Frankie Rapp Favored to Eclipse Records of All Local Boxers

Camden Courier-Post – January 10, 1928

Critics Predict Great Ring Future for Former Camden Catholic High School Baseball and Basketball Star

Has Scored 12 Knockouts in 17 Bouts

By Tom Ryan

Is Frankie Rapp, South Camden lightweight due to eclipse the performance of every scrapper who has ever been developed here?

That is the question that was asked at a gathering of local fight critics the other day and the consensus of opinion was that Rapp will eventually outshine every lad who is considered a local product. Frankie’s ability to batter his opponent into submission within short space of time is the reason that local critics favor him to rise higher In the boxing “racket” than any other Camden fighter, including both Roxie Allen and Mickey Blair, who are the outstand stars at the present time.

Rapp’s knockout record is one of the most remarkable ever compiled by a local lad. He has scored twelve knockouts out of seventeen bouts only two of the scrapes going over two rounds. He has won four on decisions and has lost but one fracas, the tilt he lost resulting in the wildest night ever witnessed at the Convention Hall, – a near-riot ensuing when the decision was rendered against him.

Has Kayoed 4 out of 5 “Pros”

Frankie has engaged in twelve amateur bouts and five professional en­counters. He stowed away eight out of the twelve “Simon Pures” he faced and four out of five professionals. He was Middle Atlantic A. A. featherweight champion before turning “pro” having won the title while representing Shanahan Catholic Club of Philadelphia.

His rise has been spectacular to say the least. He never had had a glove on until the Courier Relief Fund amateur boxing tourney, which was staged in conjunction with the South Jersey Exposition of 1926, enabled a host of South Jersey lads to display their prowess as “glory” glove wielders.

Rapp’s athletic ability prior to the Courier Fund bouts had been confined to baseball and basketball. He is a graduate of Camden Catholic High School; he played the outfield on the 1924 and 1925 teams and a forward position on the basketball team during his junior and senior years.

Wins First Bout by Knockout

Fast as a whippet on his feet, Rapp proved to be one of the best leadoff lads ever to represent the Green and White, while his speed on the court made him a dangerous foe to guard, as he also was an accurate shot from the field and foul line.

It was regarded as a joke by Rapp’s friends when lie announced his intention of entering the amateur bouts, but after his first appearance when he knocked out Lou “Kid” Hinkle in the first session they began to perk up their ears for Frankie showed evidence of developing into a.300 consistent hitter. He next won the judges decision over Tommy Skymer and followed up this victory by stopping Jesse Urban In the fourth round, the judges calling the bout even at the close of the third round.

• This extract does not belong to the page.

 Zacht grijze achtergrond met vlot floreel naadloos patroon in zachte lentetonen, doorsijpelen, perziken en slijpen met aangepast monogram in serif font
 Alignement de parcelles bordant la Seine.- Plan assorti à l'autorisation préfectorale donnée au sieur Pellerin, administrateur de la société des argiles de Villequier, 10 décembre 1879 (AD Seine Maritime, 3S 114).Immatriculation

Then came the combat that nearly wrecked the Convention Hall.” Red” Haines, who also had cut a wide swath in the lightweight ranks, and Rapp came together for the lightweight title. It developed into a slugfest at the start and for the entire three rounds both endeavored to annihilate each other. Both boys had a host of friends on hand who thought that their favorite had won and when the late Jack Dean, who was the third man in the ring, was forced to decide the issue, owing to the disagreement of the judges, the fun began.

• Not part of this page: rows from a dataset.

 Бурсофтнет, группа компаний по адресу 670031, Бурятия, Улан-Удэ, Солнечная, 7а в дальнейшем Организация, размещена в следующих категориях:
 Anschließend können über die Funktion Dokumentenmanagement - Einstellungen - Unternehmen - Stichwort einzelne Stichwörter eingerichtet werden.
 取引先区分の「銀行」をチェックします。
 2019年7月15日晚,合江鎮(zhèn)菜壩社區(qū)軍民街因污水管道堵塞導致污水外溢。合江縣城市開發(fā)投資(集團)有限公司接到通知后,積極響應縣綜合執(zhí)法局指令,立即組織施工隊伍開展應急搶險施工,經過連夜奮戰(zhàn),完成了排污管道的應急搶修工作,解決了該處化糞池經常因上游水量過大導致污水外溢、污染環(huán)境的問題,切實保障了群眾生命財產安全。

Haines Decision Starts Riot

There was considerable money bet out the outcome and when Dean’s decision favoring Haines as the winner was announced, Rapp’s supporters started scrapping with Haines’ adherents, who, nothing loath, piled in with the result that it took the combined effort of every cop in the hall to stop the impromptu bouts. However. Deans decision stood, and, while the writer was of the opinion that a draw would have been proper verdict and that another round should have been ordered to decide the issue, he knew then as he knows now that the decision rendered by Dean was his honest opinion of the bout. Jack was a “square shooter” if there ever was one and as good a Judge of a bout as any man in South Jersey.

That bout wound up Rapp’s Camden career in the amateurs as shortly after he was induced to represent Shanahan in the featherweight class. He won every one of his eight “glory” battles for the Philadelphia organization with comparative ease and after copping the featherweight crown, decided he was ripe for a whack at the “money getters.”

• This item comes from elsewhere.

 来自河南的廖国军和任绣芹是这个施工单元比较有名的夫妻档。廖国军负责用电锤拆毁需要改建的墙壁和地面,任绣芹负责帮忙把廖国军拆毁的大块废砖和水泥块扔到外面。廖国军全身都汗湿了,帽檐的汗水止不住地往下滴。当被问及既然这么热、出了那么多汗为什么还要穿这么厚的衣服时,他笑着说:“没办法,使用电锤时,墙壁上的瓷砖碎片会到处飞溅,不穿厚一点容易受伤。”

Frankie guessed right. In his first bout here he halted Billy Cortez, of Philadelphia, in one round. He next flattened Frankie Youker, local lad, in the very same round and then outpointed Manuel Flores, also of Camden, in six rounds.

Young Heppard, of Riverside, conceded to be a “killer,” was Rapp’s next victim. Frankie got rid of him in one round and in his last fuss knocked out Bill Walters, of Germantown, in the first round of the main preliminary at the Cambria Club last Friday night.

Frankie is 20 years old, is single, and opts to remain so during the ensuing year despite the fact that he looks like the best money earner in the city for the next twelve months.